SUPPLIED RECORDS:
++++++
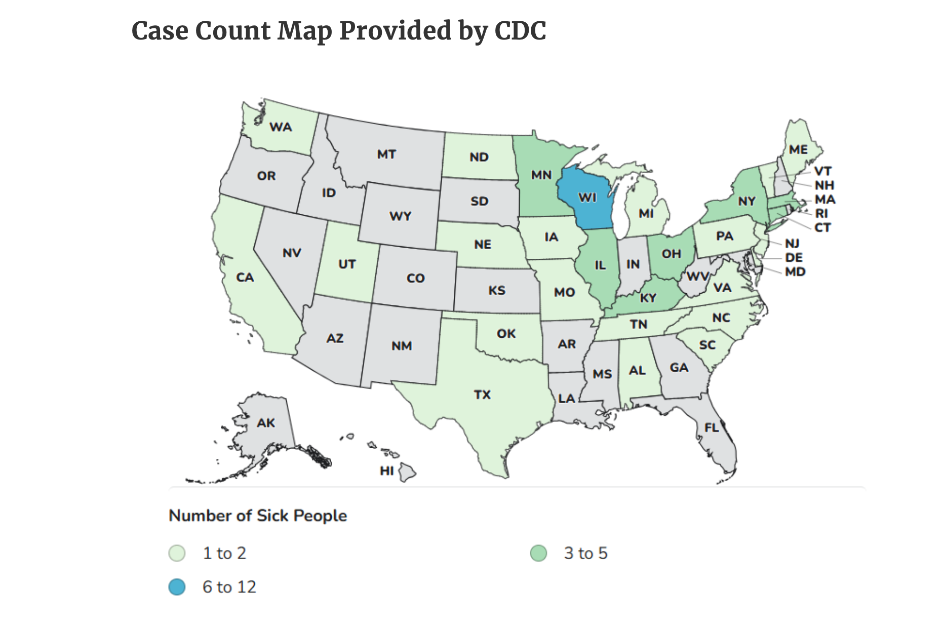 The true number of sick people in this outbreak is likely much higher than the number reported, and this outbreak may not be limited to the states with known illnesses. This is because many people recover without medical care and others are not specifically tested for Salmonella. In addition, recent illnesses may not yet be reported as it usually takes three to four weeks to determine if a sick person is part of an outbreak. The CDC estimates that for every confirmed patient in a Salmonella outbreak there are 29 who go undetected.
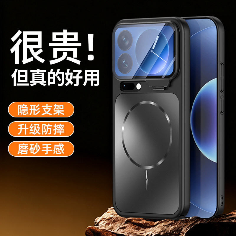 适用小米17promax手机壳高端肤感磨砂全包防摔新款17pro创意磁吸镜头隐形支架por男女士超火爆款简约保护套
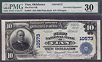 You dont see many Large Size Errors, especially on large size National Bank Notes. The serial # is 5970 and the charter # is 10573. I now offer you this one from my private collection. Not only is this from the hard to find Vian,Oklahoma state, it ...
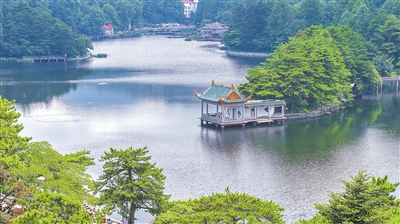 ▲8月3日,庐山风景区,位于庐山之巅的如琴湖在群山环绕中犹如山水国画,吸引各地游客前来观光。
++++++
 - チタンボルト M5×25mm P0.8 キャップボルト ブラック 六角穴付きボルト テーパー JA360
++++++
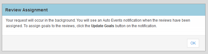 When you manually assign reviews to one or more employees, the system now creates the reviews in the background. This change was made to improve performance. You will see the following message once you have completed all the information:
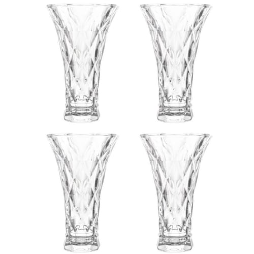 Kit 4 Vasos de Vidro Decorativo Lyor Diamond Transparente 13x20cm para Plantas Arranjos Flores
++++++
TASK:
Taking the records above, print only and exactly the lines from the line with "When you manually" to the line with "Kit 4 Vasos", both kept, and exclude pictures.

ANSWER SECTION:
 When you manually assign reviews to one or more employees, the system now creates the reviews in the background. This change was made to improve performance. You will see the following message once you have completed all the information:
 Kit 4 Vasos de Vidro Decorativo Lyor Diamond Transparente 13x20cm para Plantas Arranjos Flores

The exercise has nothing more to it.